# ACTIVITY:
When you reach the line below that has "Make the streets", start returning lines exactly, and stop after the line that has "Apartamento amplo, com"; skip the pictures.

# EXCERPTED RECORDS:
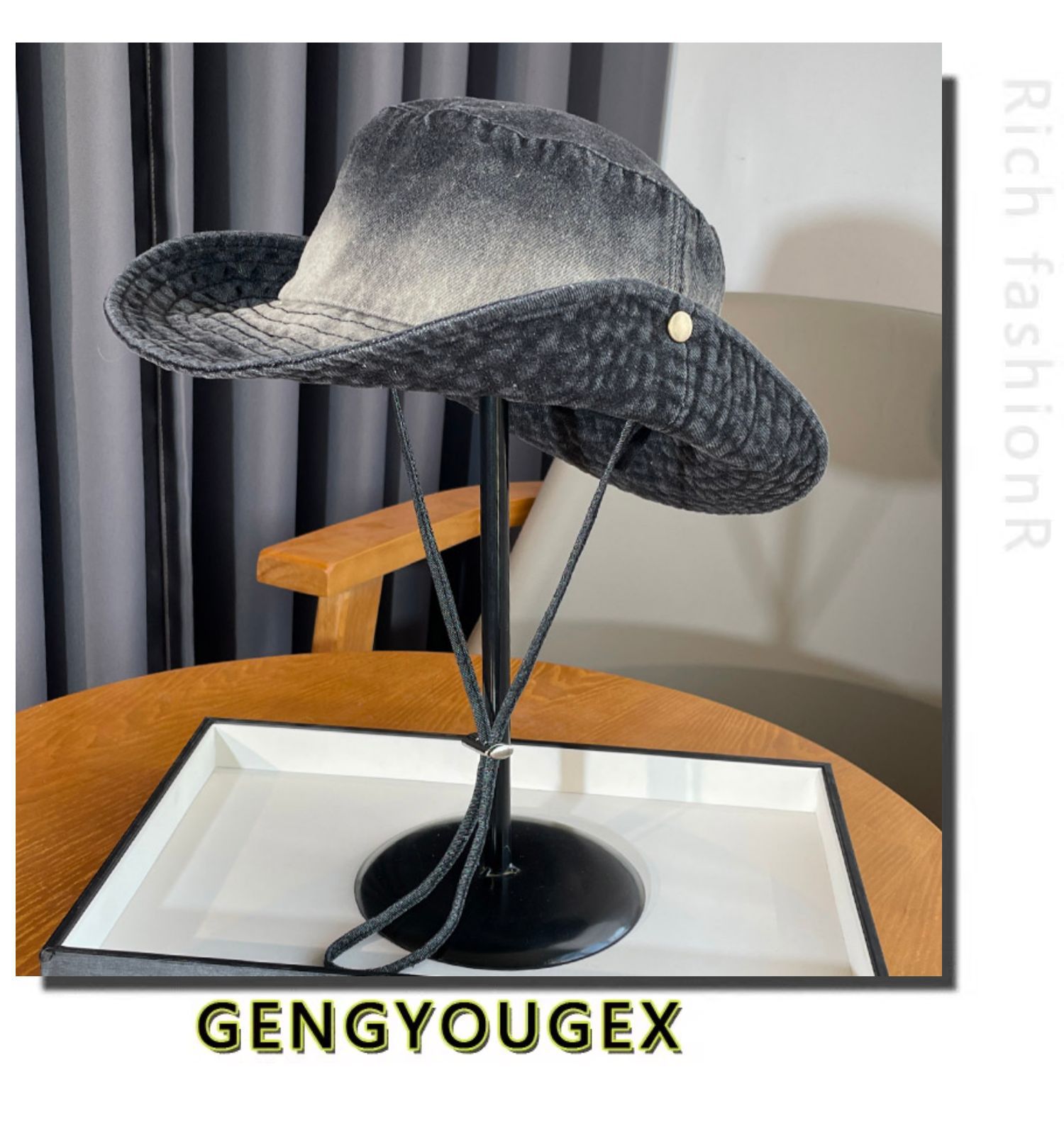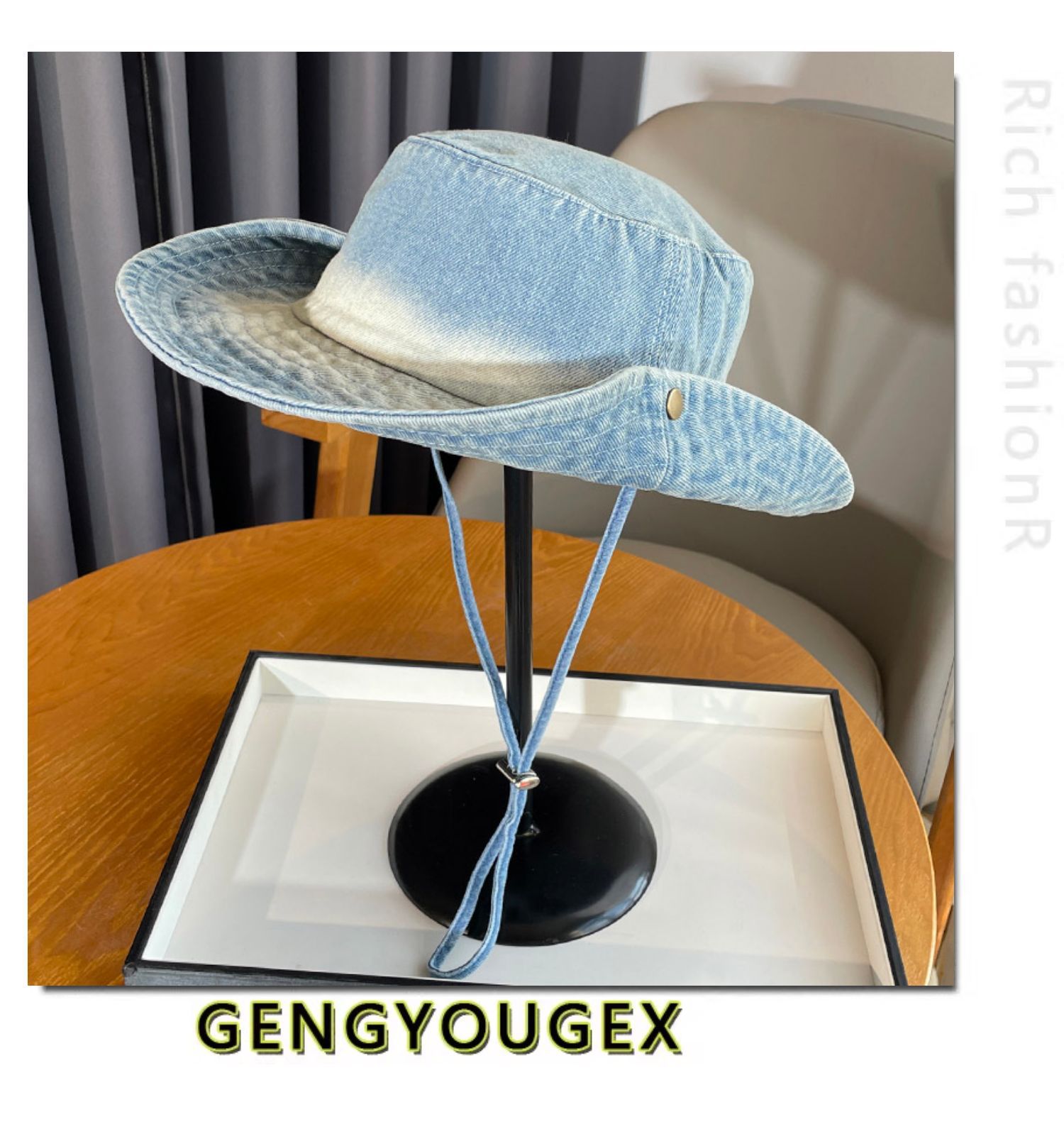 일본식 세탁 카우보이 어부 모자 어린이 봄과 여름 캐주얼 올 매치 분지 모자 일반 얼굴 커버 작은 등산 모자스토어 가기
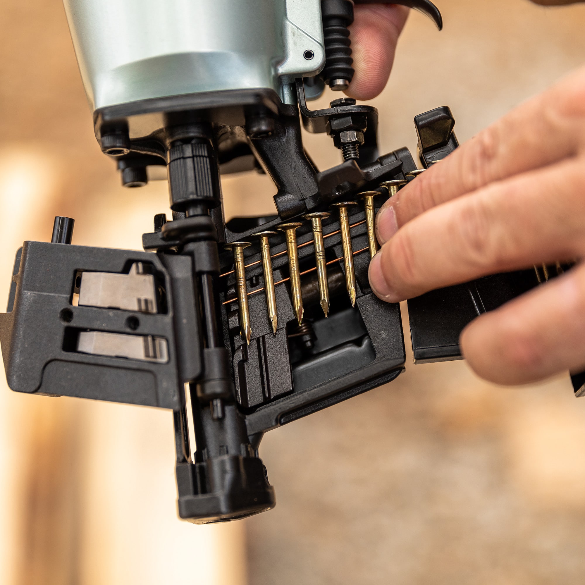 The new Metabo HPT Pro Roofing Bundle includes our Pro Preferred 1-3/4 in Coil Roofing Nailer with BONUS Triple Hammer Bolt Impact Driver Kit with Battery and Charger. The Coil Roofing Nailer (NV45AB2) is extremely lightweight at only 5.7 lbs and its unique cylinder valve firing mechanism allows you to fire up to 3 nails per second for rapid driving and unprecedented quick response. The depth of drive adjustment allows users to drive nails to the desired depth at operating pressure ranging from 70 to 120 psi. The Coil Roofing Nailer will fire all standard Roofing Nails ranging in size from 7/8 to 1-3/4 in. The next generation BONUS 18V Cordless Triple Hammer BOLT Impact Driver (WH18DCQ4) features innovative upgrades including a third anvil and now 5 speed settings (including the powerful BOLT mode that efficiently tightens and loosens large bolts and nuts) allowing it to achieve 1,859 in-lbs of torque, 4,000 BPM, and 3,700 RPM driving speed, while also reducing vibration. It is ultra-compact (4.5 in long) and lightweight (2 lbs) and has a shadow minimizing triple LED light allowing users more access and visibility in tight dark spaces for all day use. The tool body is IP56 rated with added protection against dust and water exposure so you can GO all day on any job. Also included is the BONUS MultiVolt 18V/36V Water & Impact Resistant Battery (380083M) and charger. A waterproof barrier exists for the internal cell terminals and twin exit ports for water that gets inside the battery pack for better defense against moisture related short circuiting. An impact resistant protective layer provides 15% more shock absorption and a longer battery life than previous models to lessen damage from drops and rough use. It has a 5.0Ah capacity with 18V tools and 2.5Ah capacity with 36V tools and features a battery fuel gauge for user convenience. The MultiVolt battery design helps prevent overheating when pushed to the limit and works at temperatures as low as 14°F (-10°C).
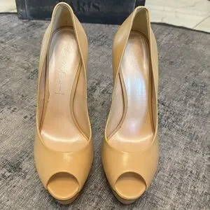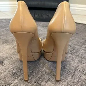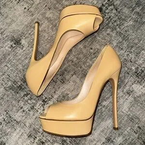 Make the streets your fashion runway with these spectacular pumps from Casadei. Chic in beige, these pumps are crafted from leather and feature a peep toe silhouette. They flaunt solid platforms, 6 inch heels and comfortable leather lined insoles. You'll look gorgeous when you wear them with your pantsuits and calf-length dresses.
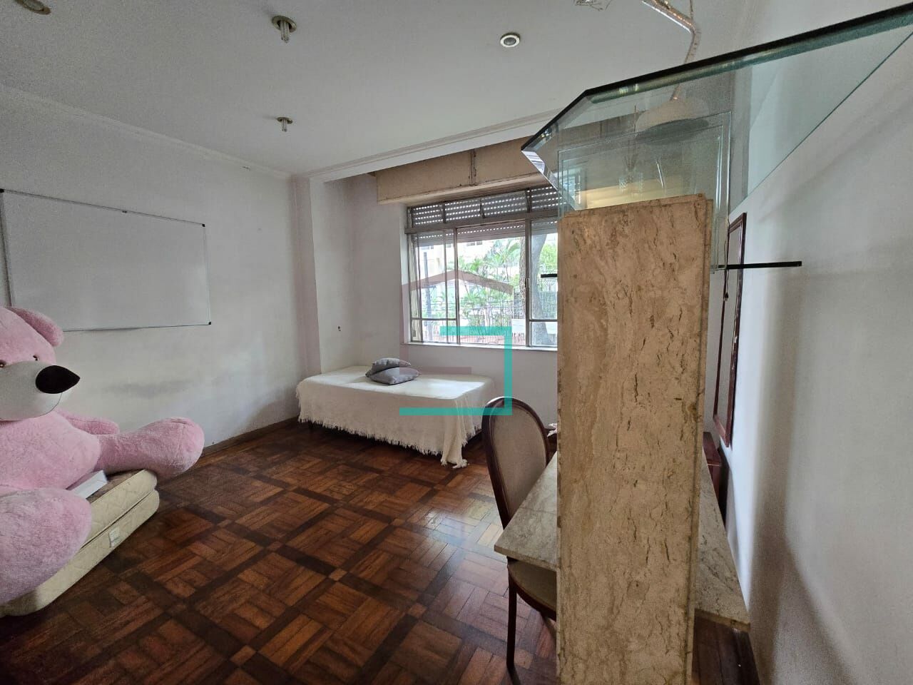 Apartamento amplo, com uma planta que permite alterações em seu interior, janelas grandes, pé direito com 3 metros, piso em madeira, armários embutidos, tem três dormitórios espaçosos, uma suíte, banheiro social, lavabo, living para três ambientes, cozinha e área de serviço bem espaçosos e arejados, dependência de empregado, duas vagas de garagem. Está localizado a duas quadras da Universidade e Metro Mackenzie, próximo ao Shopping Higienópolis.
* * *
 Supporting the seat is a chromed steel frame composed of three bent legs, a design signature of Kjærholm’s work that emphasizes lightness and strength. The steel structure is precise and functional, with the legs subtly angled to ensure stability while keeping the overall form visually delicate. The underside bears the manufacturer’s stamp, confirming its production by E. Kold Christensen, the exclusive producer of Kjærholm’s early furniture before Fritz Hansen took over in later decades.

# SOLUTION BELOW:
 Make the streets your fashion runway with these spectacular pumps from Casadei. Chic in beige, these pumps are crafted from leather and feature a peep toe silhouette. They flaunt solid platforms, 6 inch heels and comfortable leather lined insoles. You'll look gorgeous when you wear them with your pantsuits and calf-length dresses.
 Apartamento amplo, com uma planta que permite alterações em seu interior, janelas grandes, pé direito com 3 metros, piso em madeira, armários embutidos, tem três dormitórios espaçosos, uma suíte, banheiro social, lavabo, living para três ambientes, cozinha e área de serviço bem espaçosos e arejados, dependência de empregado, duas vagas de garagem. Está localizado a duas quadras da Universidade e Metro Mackenzie, próximo ao Shopping Higienópolis.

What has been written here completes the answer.